**Task to complete**
Your task is to transcribe the data exactly while omitting each picture.
--- Stored data Enclosed Below ---
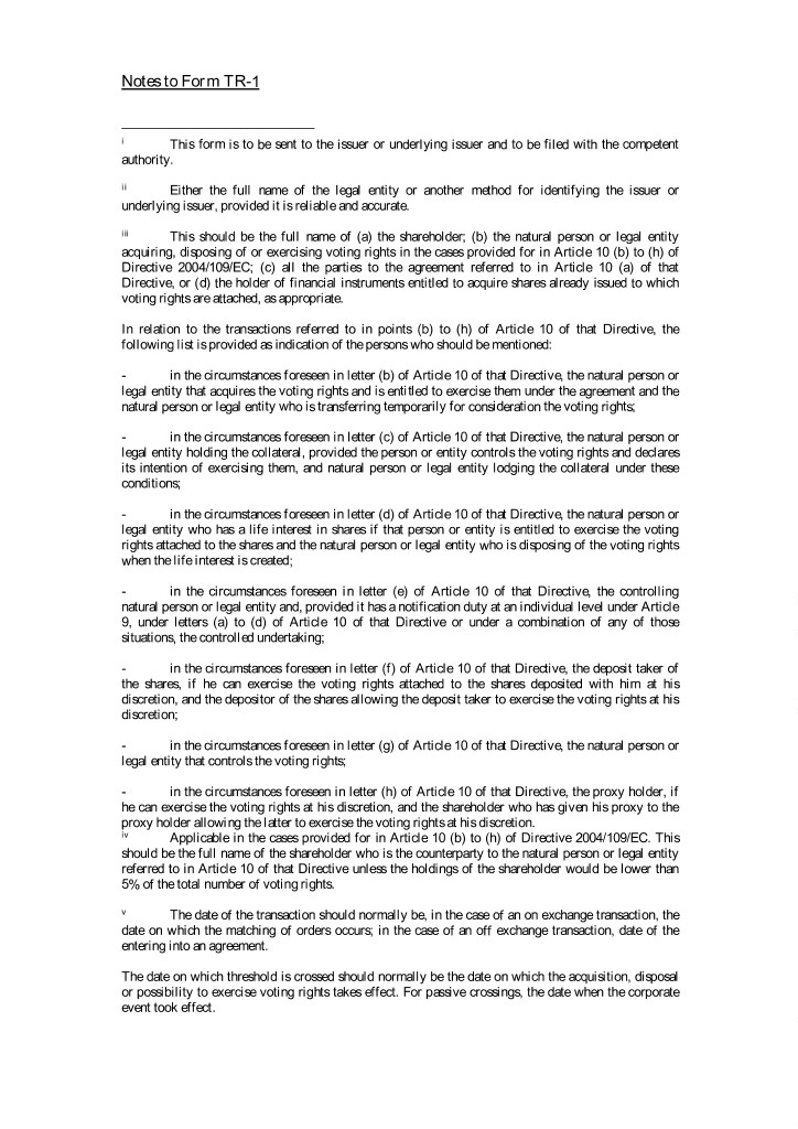 Notes to Form TR-1 i This form is to be sent to the issuer or underlying issuer and to be filed with the competent authority. ii Either the full name of the legal entity or another method for identifying the issuer or underlying issuer, provided it is reliable and accurate. iii This should be the full name of (a) the shareholder; (b) the natural person or legal entity acquiring, disposing of or exercising voting rights in the cases provided for in Article 10 (b) to (h) of Directive 2004/109/EC; (c) all the parties to the agreement referred to in Article 10 (a) of that Directive, or (d) the holder of financial instruments entitled to acquire shares already issued to which voting rights are attached, as appropriate. In relation to the transactions referred to in points (b) to (h) of Article 10 of that Directive, the following list is provided as indication of the persons who should be mentioned: - in the circumstances foreseen in letter (b) of Article 10 of that Directive, the natural person or legal entity that acquires the voting rights and is entitled to exercise them under the agreement and the natural person or legal entity who is transferring temporarily for consideration the voting rights; - in the circumstances foreseen in letter (c) of Article 10 of that Directive, the natural person or legal entity holding the collateral, provided the person or entity controls the voting rights and declares its intention of exercising them, and natural person or legal entity lodging the collateral under these conditions; - in the circumstances foreseen in letter (d) of Article 10 of that Directive, the natural person or legal entity who has a life interest in shares if that person or entity is entitled to exercise the voting rights attached to the shares and the natural person or legal entity who is disposing of the voting rights when the life interest is created; - in the circumstances foreseen in letter (e) of Article 10 of that Directive, the controlling natural person or legal entity and, provided it has a notification duty at an individual level under Article 9, under letters (a) to (d) of Article 10 of that Directive or under a combination of any of those situations, the controlled undertaking; - in the circumstances foreseen in letter (f) of Article 10 of that Directive, the deposit taker of the shares, if he can exercise the voting rights attached to the shares deposited with him at his discretion, and the depositor of the shares allowing the deposit taker to exercise the voting rights at his discretion; - in the circumstances foreseen in letter (g) of Article 10 of that Directive, the natural person or legal entity that controls the voting rights; - in the circumstances foreseen in letter (h) of Article 10 of that Directive, the proxy holder, if he can exercise the voting rights at his discretion, and the shareholder who has given his proxy to the proxy holder allowing the latter to exercise the voting rights at his discretion. iv Applicable in the cases provided for in Article 10 (b) to (h) of Directive 2004/109/EC. This should be the full name of the shareholder who is the counterparty to the natural person or legal entity referred to in Article 10 of that Directive unless the holdings of the shareholder would be lower than 5% of the total number of voting rights. v The date of the transaction should normally be, in the case of an on exchange transaction, the date on which the matching of orders occurs; in the case of an off exchange transaction, date of the entering into an agreement. The date on which threshold is crossed should normally be the date on which the acquisition, disposal or possibility to exercise voting rights takes effect. For passive crossings, the date when the corporate event took effect.
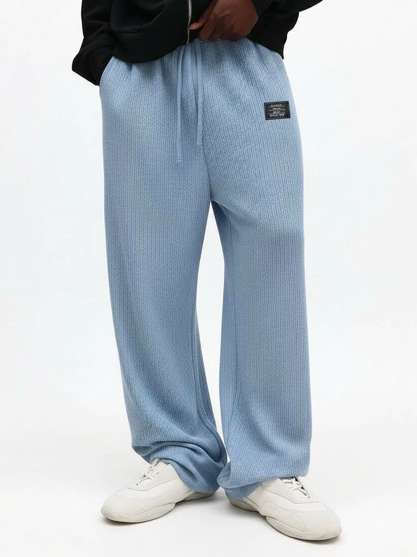 Men's Casual Retro Waffle Fabric Logo Trousers
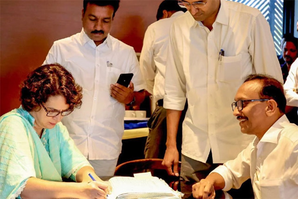 The election will be held on November 13. Priyanka Gandhi submitted three sets of her nomination papers.
--- End of Enclosed Stored data ---
**Response for this exercise**
 Notes to Form TR-1 i This form is to be sent to the issuer or underlying issuer and to be filed with the competent authority. ii Either the full name of the legal entity or another method for identifying the issuer or underlying issuer, provided it is reliable and accurate. iii This should be the full name of (a) the shareholder; (b) the natural person or legal entity acquiring, disposing of or exercising voting rights in the cases provided for in Article 10 (b) to (h) of Directive 2004/109/EC; (c) all the parties to the agreement referred to in Article 10 (a) of that Directive, or (d) the holder of financial instruments entitled to acquire shares already issued to which voting rights are attached, as appropriate. In relation to the transactions referred to in points (b) to (h) of Article 10 of that Directive, the following list is provided as indication of the persons who should be mentioned: - in the circumstances foreseen in letter (b) of Article 10 of that Directive, the natural person or legal entity that acquires the voting rights and is entitled to exercise them under the agreement and the natural person or legal entity who is transferring temporarily for consideration the voting rights; - in the circumstances foreseen in letter (c) of Article 10 of that Directive, the natural person or legal entity holding the collateral, provided the person or entity controls the voting rights and declares its intention of exercising them, and natural person or legal entity lodging the collateral under these conditions; - in the circumstances foreseen in letter (d) of Article 10 of that Directive, the natural person or legal entity who has a life interest in shares if that person or entity is entitled to exercise the voting rights attached to the shares and the natural person or legal entity who is disposing of the voting rights when the life interest is created; - in the circumstances foreseen in letter (e) of Article 10 of that Directive, the controlling natural person or legal entity and, provided it has a notification duty at an individual level under Article 9, under letters (a) to (d) of Article 10 of that Directive or under a combination of any of those situations, the controlled undertaking; - in the circumstances foreseen in letter (f) of Article 10 of that Directive, the deposit taker of the shares, if he can exercise the voting rights attached to the shares deposited with him at his discretion, and the depositor of the shares allowing the deposit taker to exercise the voting rights at his discretion; - in the circumstances foreseen in letter (g) of Article 10 of that Directive, the natural person or legal entity that controls the voting rights; - in the circumstances foreseen in letter (h) of Article 10 of that Directive, the proxy holder, if he can exercise the voting rights at his discretion, and the shareholder who has given his proxy to the proxy holder allowing the latter to exercise the voting rights at his discretion. iv Applicable in the cases provided for in Article 10 (b) to (h) of Directive 2004/109/EC. This should be the full name of the shareholder who is the counterparty to the natural person or legal entity referred to in Article 10 of that Directive unless the holdings of the shareholder would be lower than 5% of the total number of voting rights. v The date of the transaction should normally be, in the case of an on exchange transaction, the date on which the matching of orders occurs; in the case of an off exchange transaction, date of the entering into an agreement. The date on which threshold is crossed should normally be the date on which the acquisition, disposal or possibility to exercise voting rights takes effect. For passive crossings, the date when the corporate event took effect.
 Men's Casual Retro Waffle Fabric Logo Trousers
 The election will be held on November 13. Priyanka Gandhi submitted three sets of her nomination papers.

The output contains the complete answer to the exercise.